DNR Holds Public Forum For TCE Contamination


SPRINGFIELD — The Department of Natural Resources talked about well-water testing results, and opened up the floor for citizens to share concerns.

There were about 200 people in attendance for Thursday’s meeting regarding TCE (trichloroethylene) at the Ozark Empire Fairgrounds E-Plex. 

DNR went over what it’s doing with Northup-Grummon — who owns the site that Litton Systems Inc. once sat on. Both the DNR and Northrup-Grummon say TCE was used on circuit boards at the old Litton plant. 

Vapors of the chemical were discovered at Fantastic Caverns late last year.

Traces of TCE were later found in water sources — in an area several miles wide — north of the Springfield airport.

DNR says that they tested 191 private and 16 homes that receive water from shared wells. 

Many tested positive — but just four were over the maximum contaminate level, meaning they were over the level that makes drinking water unsafe.

Dozens of resident spokes about their contamination concerns, and a few addressed their concerns with KOLR10 before the event started.

Vern Morgan says that while their wells have been treated, he wants to know what the plan is going forward. 

“I’d like to know what their plans are for more source treatment to try and get it before it continues moving, how their going to monitor it, where they’re going to establish monitoring areas,” Morgan says. 

Brian Quinn with DNR says it could take several years, potentially a couple decades, but they are trying to make sure things are done right. 

“Northup-Grumman is really driving this. It’s their responsibility to do much of the sampling, much of the cleanup – all of the cleanup. So we’re going to be overseeing their work and really just progressing to get a better idea of where the contamination is and what we need to do to take care of that,” says Quinn. 
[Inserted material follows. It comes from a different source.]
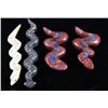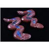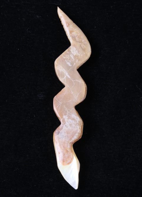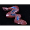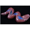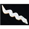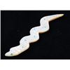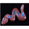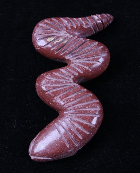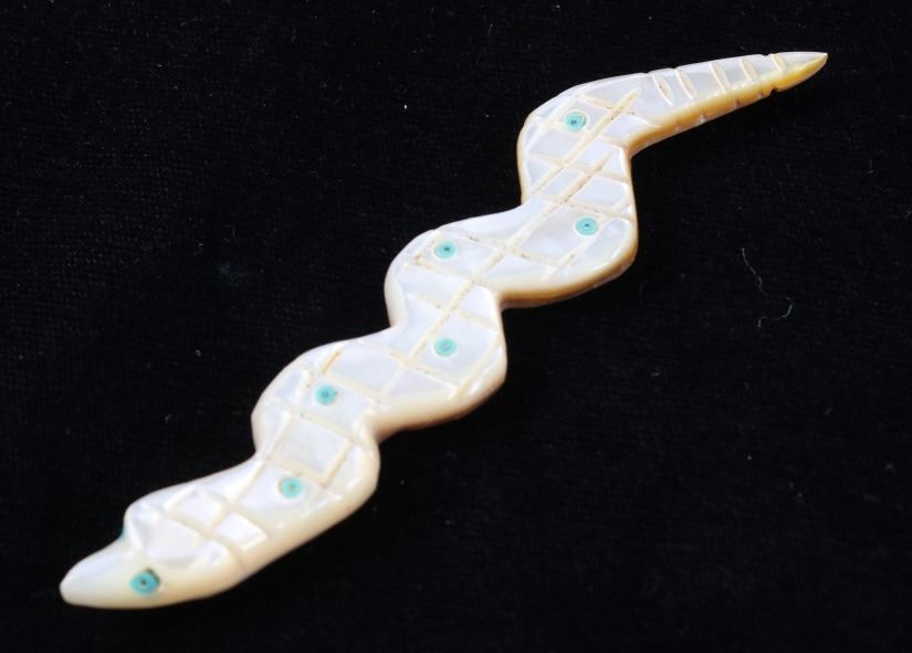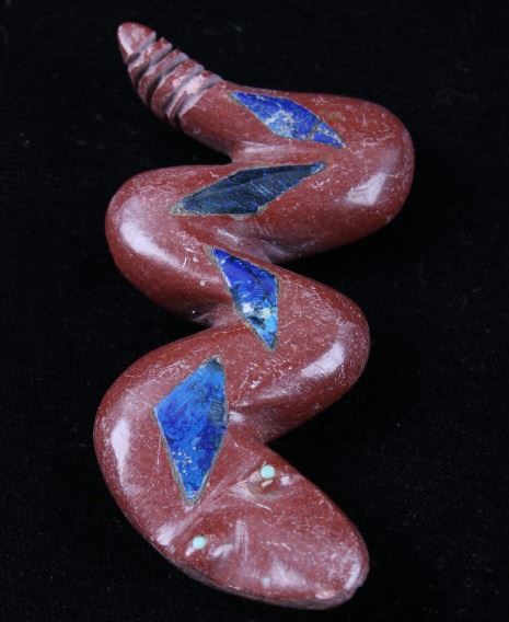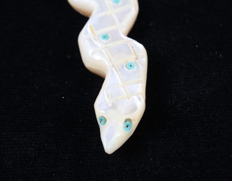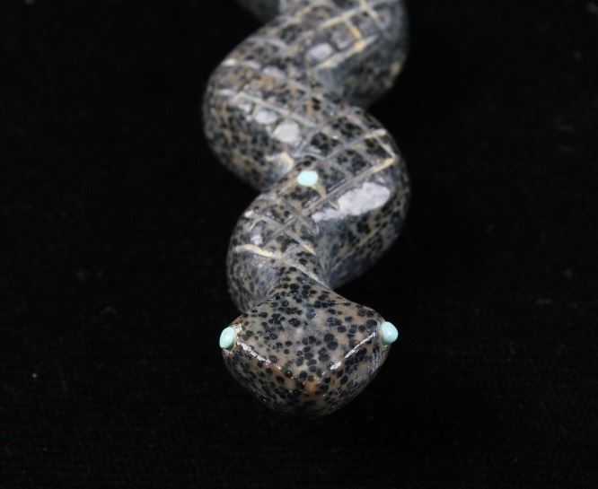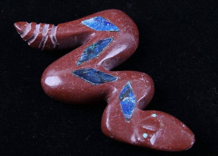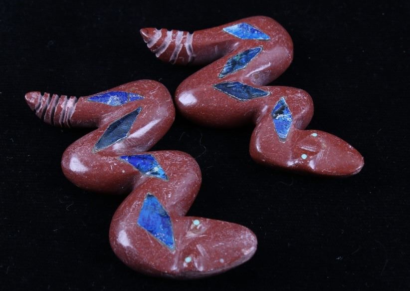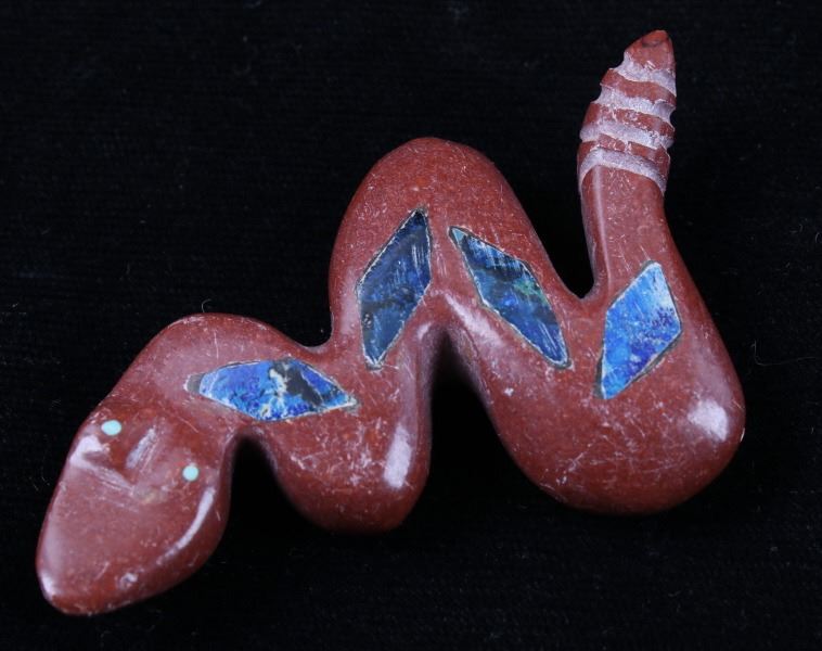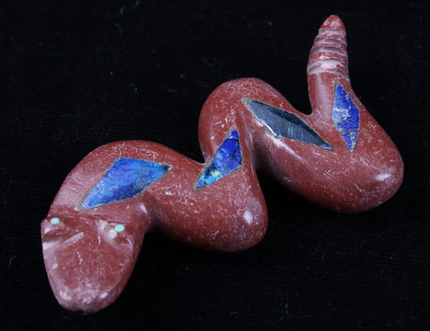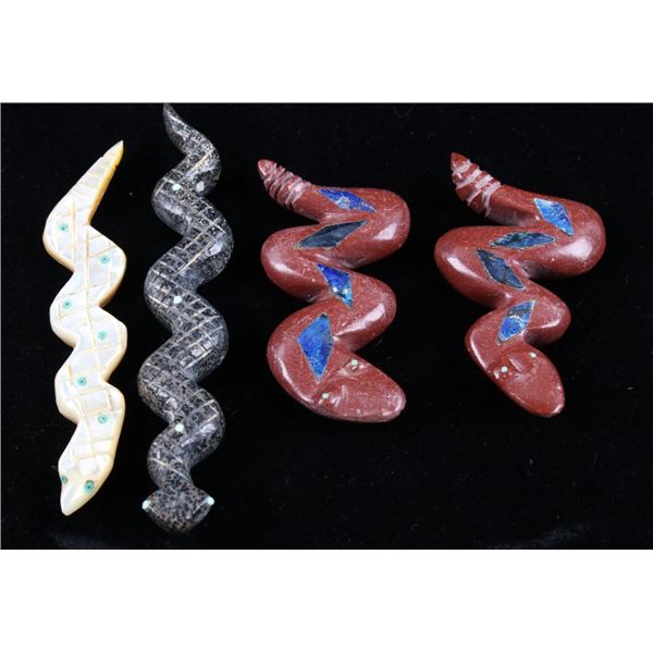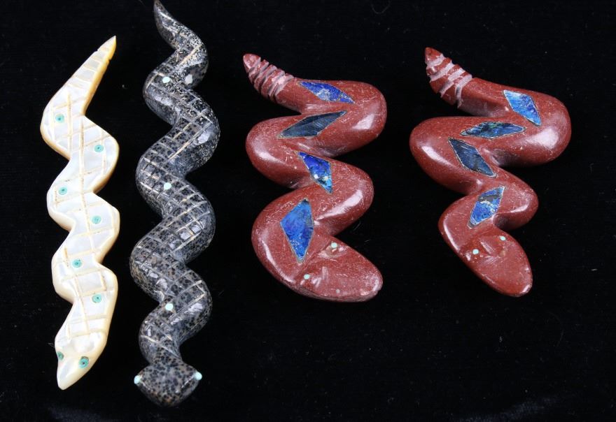 Featured in this lot is a collection of hand carved Zuni Native American snake fetishes. The collection consists of four hand carved rattle snake fetishes. The first of the snakes displays soapstone construction with hand carved checkered pattern across the back, turquoise eyes, and three turquoise dots across the back. The second snake features mother of pearl construction with carved designs, turquoise eyes, and six turquoise dots across the back. The final two fetishes display pipestone construction with turquoise eyes and geometric designs of lapis lazuli across the back. The collection shows good condition overall and some light wear. The largest of the snakes measures 4 1/2" long by 3/4" wide.

Things got heated from time to time, with many people unsatisfied with what they heard from DNR and Northrop-Grummon, who had a panel of officials on hand. 

In the meantime, they are trying to keep contamination levels low enough to keep them being a danger to peoples health.

Testing will continue throughout the year with another public meeting tentatively scheduled for September to share results and get more public comment.